Главная проблема была в том, что на Митаве просто не хватало огневой мощи. Фрегат имел тридцать две пушки против суммарно ста двадцати двух пушек французов – почти один к четырем. И даже мне, человеку, опирающемуся на логику, а не на опыт морского сражения, понятно, что мы не можем давать бой линейным кораблям. Нам нужно уходить.
С другой же стороны, ни у нас, ни у противника, нет пушек на корме или на носе. Вот это и собирались мы исправить, что иметь возможность ударить по неприятелю, когда у противника нечем отвечать, пока из бортовые орудия не станут до нас доставать.
– Хранцузы идут! – закричал впередсмотрящий. – На лодках!
– Начинаем! – сказал я и направился на корму.
Именно тут и были прикреплены две пушки, которые я сопровождал к Данцигу. Мортиры, чтобы их навесная траектория не повредила наши же паруса, смещены к корме.
– Готовы, братцы? – спросил я, подойдя к изготовившимся бойцам.

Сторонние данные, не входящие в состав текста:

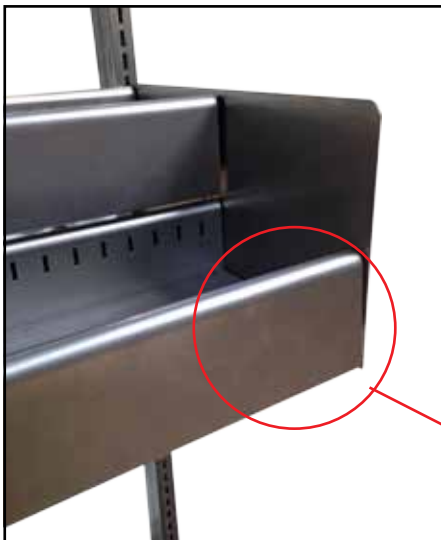
Double browser seen from the front
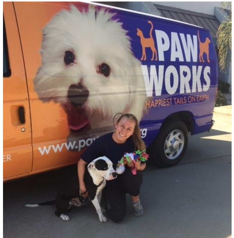
Key Club Division 42 West made play toys for rescue animals. The toys were donated to the non-profit Paw Works through the Oxnard Kiwanis club.

– Как есть, ваше благородие. Готовы! – отвечал за всех сержант.
Три, пять, восемь шлюпок были спущены на воду французами. Это меньше двух рот солдат. Но ненамного.
– Ставим паруса! – скомандовал все-таки корабельный комиссар, как старший офицер.
Я бы предпочел, чтобы этот приказ все же звучал от Спиридова? Энергичный он малый, недаром стал адмиралом и одним из творцов победы в Чесменском сражении.
Да и приказ был общий, как, наверное "к бою", без конкретики. Ведь нужно указать какие паруса ставить, по какому ветру, и ставить ли, может опускать… Эти команды уже посыпались позже. Корабль оживал и становился, словно муравейником. Кто-то на реи полез, да так споро, что я загляделся, иные тянули канаты… В работе были все, кроме высшего офицерства на фрегате. А мои солдаты готовились первыми встретить врага.
– Стреляем со штуцеров, нужно попасть в днище лодок! – решив никого не ждать, скомандовал я.
Сам я не стал браться за неизвестное мне оружие. Пусть стреляет тот, кто это должен уметь делать. Будет время – дай Бог, я научусь всему. Я что, Бога уже поминаю? Дожился, коммунист! Еще и не такие метаморфозы, чувствую, меня ожидают.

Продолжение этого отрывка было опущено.